The book is of interest to me for many reasons, if you’ve read some of my posts here on Angie’s, you will recall I was born near the Yorkshire coast, so I know and respect the power of the sea. You may remember that in some posts, I mentioned I got posted to RAF Lossiemouth when I was in the RAF. Both The Lossie and her close neighbour The Moray, are mentioned in this book about an area of Scotland I am familiar with.
According to the reports, there was a wall of water the height of a house raging down all four rivers and out to sea. This amount of water did immense damage to the fishing villages in the area, and a public fund was set up to help the families who suffered.
The problem arose because the area had been in the front of a downpour for two days before the winds pushed the clouds up the mountains, as the clouds rose the rain began to fall. With the steep cliffs to aid the water, it wasn’t long before a downpour became a raging wall of unstoppable water.
This is the greatest disaster to hit the Scottish coast, probably equaled by The Great Storm of 1987, which swept across England and the coast of France.
The weather reminded me of a funny incident when I was stationed in Germany. A group of friends and myself had gone on leave down the Rhine, not my choice as I am not a fan of camping.
We were putting up the tents when I said, “I bet as we get the last peg in, it will snow.”

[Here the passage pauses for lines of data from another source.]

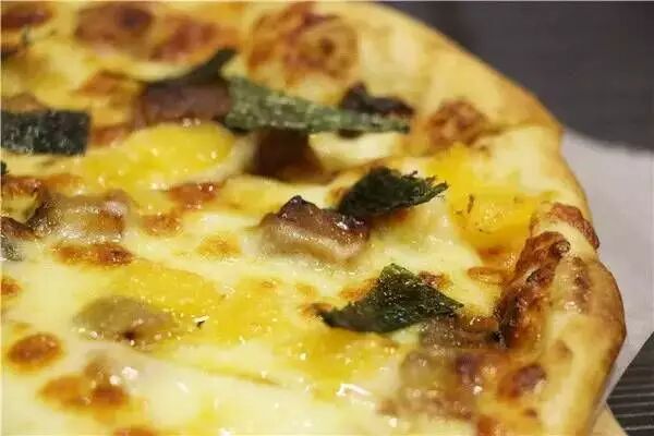 而另一道招牌,金枕榴莲批萨还没端上来就让榴莲控们忍不住了,厚重的榴莲肉在批萨里完全与芝士融为一体,整个批萨吃起来是外酥里嫩,每一口都是满满的芝士榴莲味,对于痴迷于榴莲的人来说这是天大的享受,不过对于不喜欢榴莲的小伙伴来说,这就像地狱。
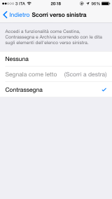 16. In Impostazioni > Posta, contatti, calendari è stata aggiunta l’opzione scorrimento, che permette di scegliere le azioni da abbinare allo scorrimento verso destra e verso sinistra all’interno dell’applicazione Mail.
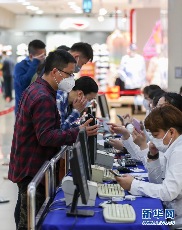 5月5日,消费者在上海一家商场的消费券服务台前排队办理业务。5月4日晚,上海首次启动大规模商业促销活动“五五购物节”,多家在线新经济企业参与,通过线上流量优势反哺线下卖场,实现电商与实体零售融合互动,激活消费潜力、驱动消费复苏。据“上海发布”的消息,截至5日14时12分,“五五购物节”上海地区消费支付总额已超100亿元。新华社记者丁汀摄
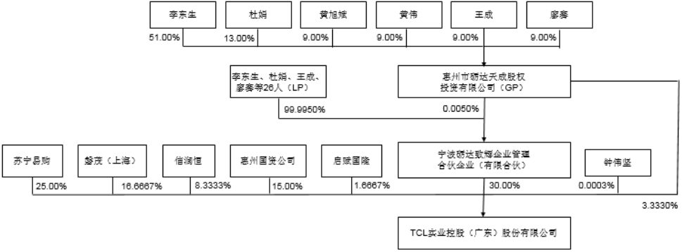 砺达致辉持有TCL控股30%股份,李东生持有砺达致辉63.1%;砺达天成持股比例3.333%,李东生持有砺达天成51%的股份。因此,李东生对TCL控股间接持股比例达20.63%。
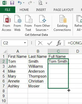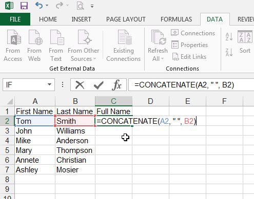 =CONCATENATE(XX, " ", YY)hücrenin içine. Yer değiştirmekXxilk adın hücre konumu ile ve değiştirinYYsoyadının hücre yeri ile. - BasmakGirmekFormülü tamamlamak için klavyenizde.
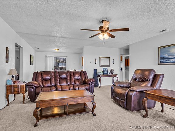 If you’re looking for quiet country living with room for animals, you have found it! This home sits on 10 beautiful acres with a barn that has a loft and a slab floor. Thru the West gate, you will find a two stall metal barn/lean to with a tack room for storage. There is also a round pen! A perfect set up for your horses. The house boasts an open concept living/dinning area with plenty of cabinet space in the kitchen. Just through the living room you enter the large primary bedroom that has a his & her closet. The primary bath has a tub/shower combo. On the south side of the house are the other two bedrooms with a bathroom in between in the hallway. These two bedrooms are a good size with good closet space. Lots of natural light throughout the house! The front porch is covered with a slab and is perfect for your grill or smoker. Lots of potential with this one. Don’t miss it! Call for a showing today.
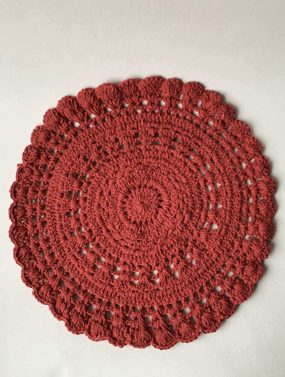Bordbrikke heklet rund d 35 cm rød
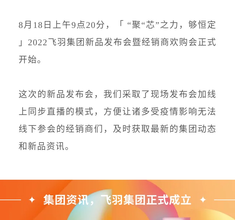 8月18日,以“聚“芯”之力,夠恒定 ”為主題的2022飛羽集團新品發(fā)布會暨經銷商歡購會在寧波奉化圓滿落幕。
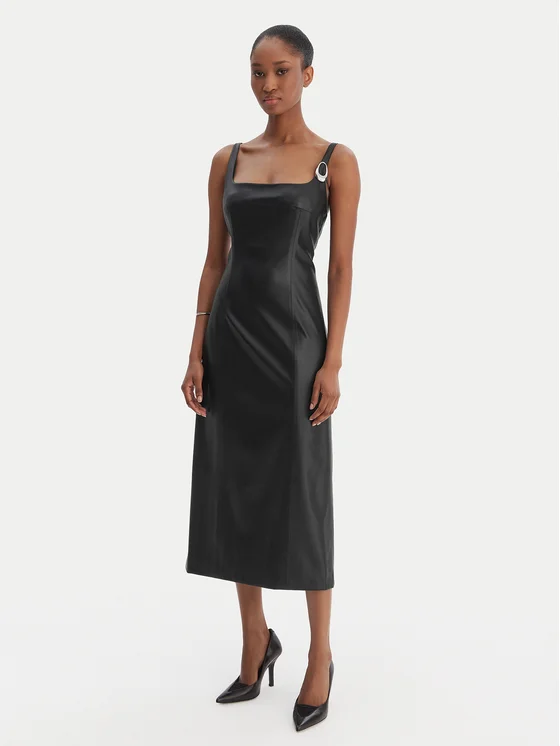 HUGO Kleid aus Kunstleder Kattarina-1 50553546 Schwarz Slim Fit

As this was the middle of June, nobody took me seriously, and they laughed, but as we hit the last peg, it snowed.
One friend said, “How did you know that would happen, Al?”

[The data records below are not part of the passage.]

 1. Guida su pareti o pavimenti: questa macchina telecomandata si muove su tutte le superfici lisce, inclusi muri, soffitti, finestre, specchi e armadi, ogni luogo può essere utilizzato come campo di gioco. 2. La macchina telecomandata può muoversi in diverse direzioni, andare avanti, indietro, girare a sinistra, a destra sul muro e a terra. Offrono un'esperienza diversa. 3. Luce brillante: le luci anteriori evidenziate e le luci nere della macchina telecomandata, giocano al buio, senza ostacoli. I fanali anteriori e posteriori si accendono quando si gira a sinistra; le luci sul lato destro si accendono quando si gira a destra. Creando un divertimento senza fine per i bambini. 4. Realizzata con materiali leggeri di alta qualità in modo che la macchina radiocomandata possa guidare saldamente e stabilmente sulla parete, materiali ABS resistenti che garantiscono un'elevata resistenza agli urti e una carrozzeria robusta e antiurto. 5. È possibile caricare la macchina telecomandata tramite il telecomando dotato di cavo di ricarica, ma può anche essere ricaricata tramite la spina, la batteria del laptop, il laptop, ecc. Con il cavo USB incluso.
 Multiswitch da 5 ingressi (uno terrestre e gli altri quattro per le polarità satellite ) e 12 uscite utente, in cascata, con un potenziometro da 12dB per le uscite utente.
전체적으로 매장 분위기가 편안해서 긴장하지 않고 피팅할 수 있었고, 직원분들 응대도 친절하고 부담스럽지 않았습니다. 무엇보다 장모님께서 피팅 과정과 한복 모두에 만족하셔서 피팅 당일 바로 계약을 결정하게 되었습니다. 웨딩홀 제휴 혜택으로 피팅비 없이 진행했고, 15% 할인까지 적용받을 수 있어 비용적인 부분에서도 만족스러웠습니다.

I replied, “Simple geography. We are in a valley, I saw the rain clouds approaching, as they get pushed up with the winds water chills and becomes snow.”
This holiday was also the one where I came as close to death as I wish to be at any time. We were going up the hills to visit a castle. The only way up was by ski-lift, so I had to go; I would rather have stayed on the ground.
During my way up, I prayed for the top and to step off the chair and feel the ground below me again. When the chair finally reached the top, I sighed and tried to move off, knowing the chair would soon be on the downward trip.
To my horror, I found myself trapped on the front edge of a ski-lift going down a hill with my feet losing contact with the ground each foot it traveled. What had happened was a box of mints I’d bought earlier had slipped into a crack of the seat and was holding me on the chair.
If ever I had a guardian angel, it was that day.
There was a storm of similar strength in 1703 that swept off the North Sea across the French coast, into the Netherlands destroying several villages and causing thousands of deaths before it died out after going across the Baltic coast of Germany.